» Prompt: Using the data below, restate exactly every line from the one with "南方+记者注意到,苹果中国官网显示,位于辽宁省大连市的Apple百年城店将于8月9日 20:00 停止营业。" up to and including the one with "Kaksiseinäinen ruostumattomasta teräksestä". No picture belongs in it.

» Information supplied:
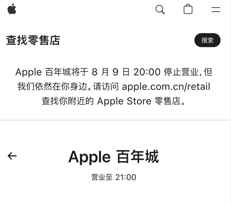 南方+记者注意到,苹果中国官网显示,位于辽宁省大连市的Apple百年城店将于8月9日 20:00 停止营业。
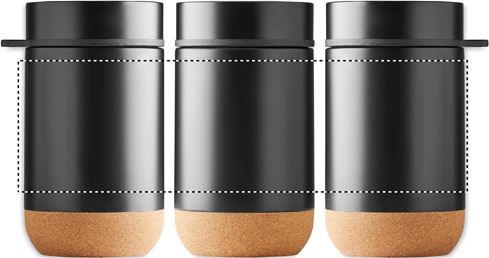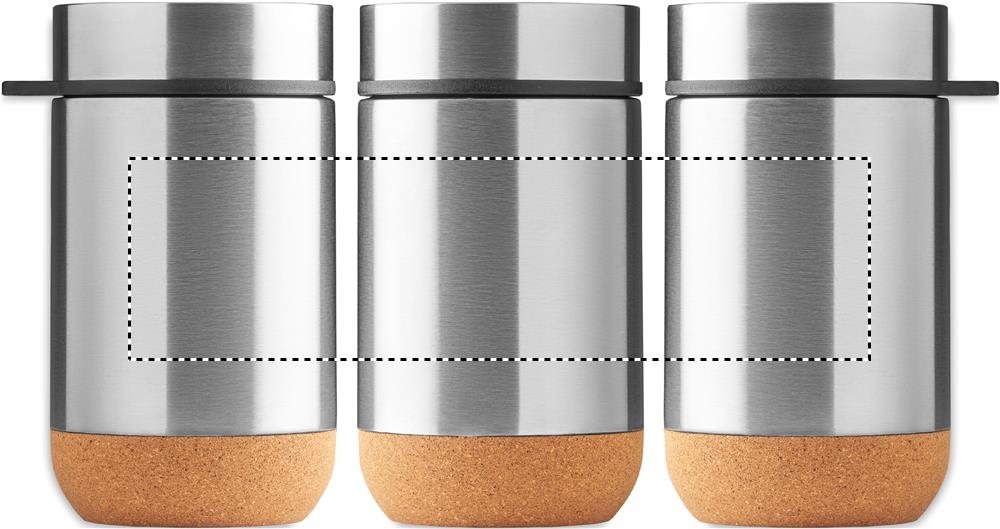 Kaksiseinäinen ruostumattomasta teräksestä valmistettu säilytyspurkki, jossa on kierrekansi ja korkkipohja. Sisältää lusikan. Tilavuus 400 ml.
==
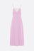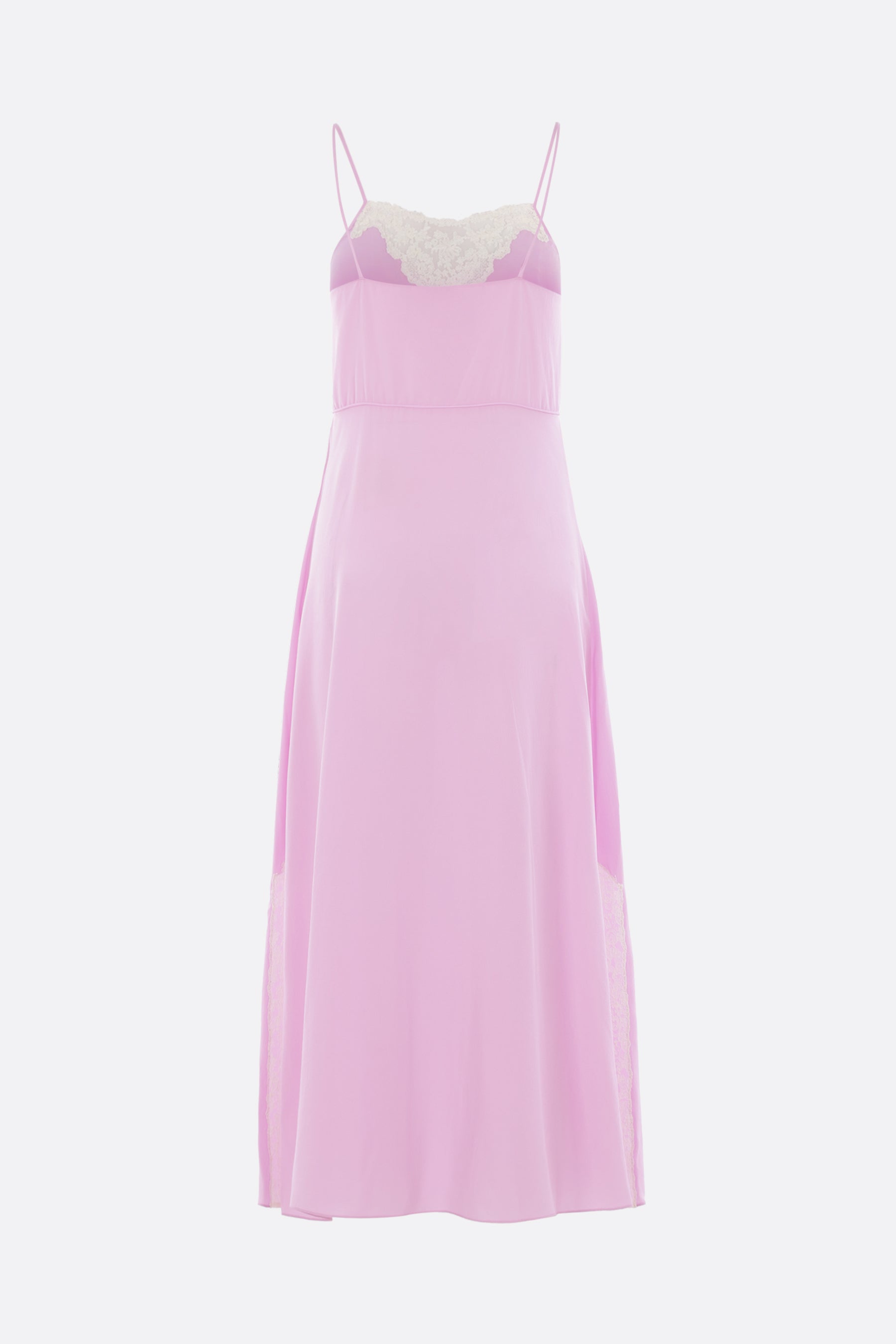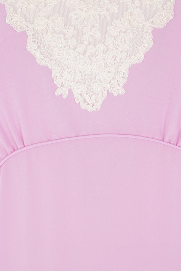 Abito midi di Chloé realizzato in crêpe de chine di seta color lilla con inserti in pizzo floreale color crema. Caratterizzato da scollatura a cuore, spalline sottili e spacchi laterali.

» Result of the exercise:
 南方+记者注意到,苹果中国官网显示,位于辽宁省大连市的Apple百年城店将于8月9日 20:00 停止营业。
 Kaksiseinäinen ruostumattomasta teräksestä valmistettu säilytyspurkki, jossa on kierrekansi ja korkkipohja. Sisältää lusikan. Tilavuus 400 ml.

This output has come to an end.